Tuesday, April 8, 2014
One of my online friends posted a challenge on a Facebook private board this week that got me thinking...
It was "describe yourself in three words without using the words 'wife' or 'mother'" (it's not a widow group, so the majority of the group are married).
And one response brought to mind widows I knew prior to my own widowhood.
Her identified that her whole identity was tied up in her husband and children, and she couldn't answer the question. She was trying to figure out if this was a good thing or a bad thing.
And my immediate reaction, based on my life story, was it's a bad thing.
The amazing older women I saw widowed before I even married all had strong, loving marriages, and a fair smattering of joy and issues with adult children.
Yes they struggled, and still struggle, with grief.
But watching from a distance I saw that being widowed was survivable, and must have tucked it away somewhere.
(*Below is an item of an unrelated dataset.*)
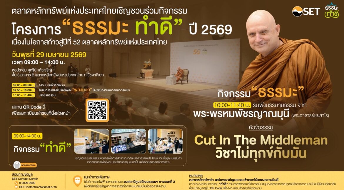 ตลาดหลักทรัพย์แห่งประเทศไทย ชวนผู้ลงทุน ประชาชน และผู้สนใจร่วมกิจกรรมโครงการ “ธรรมะ ทำดี ปี 2569” เนื่องในโอกาสก้าวสู่ปีที่ 52 ตลาดหลักทรัพย์ฯ กำหนดจัดขึ้นในวันพุธที่ 29 เมษายน 2569 เวลา 09.00 – 14.00 น. ณ อาคารตลาดหลักทรัพย์ฯ โดยแบ่งเป็น 2 กิจกรรม ได้แก่

I saw that the common thing between them all was none had lost their identity in their marriages.
What I saw from my then vantage point was they were able to adapt to their enforced life without their husbands because they had interests & communities they were engaged with alongside their marriages which helped them have a strong sense of who they were as individuals, as well as their partnership.
It's something I actively sought to maintain through Ian and I's courtship and marriage - and I encouraged with Ian (even though I would not engage at all with some of his interests, they were part of what made Ian "Ian").
And something I've maintained since. Plus it gave me the knowledge and confidence to seek out sites like widow's voice, a face to face peer support group and to take the risk of going back to school rather than work for the next little while.
If a humongous thing like a husband dying isn't going to stop these women, nothing will.
And I'm not going to let it, either (but I may just step off to the side for a breather every now and then).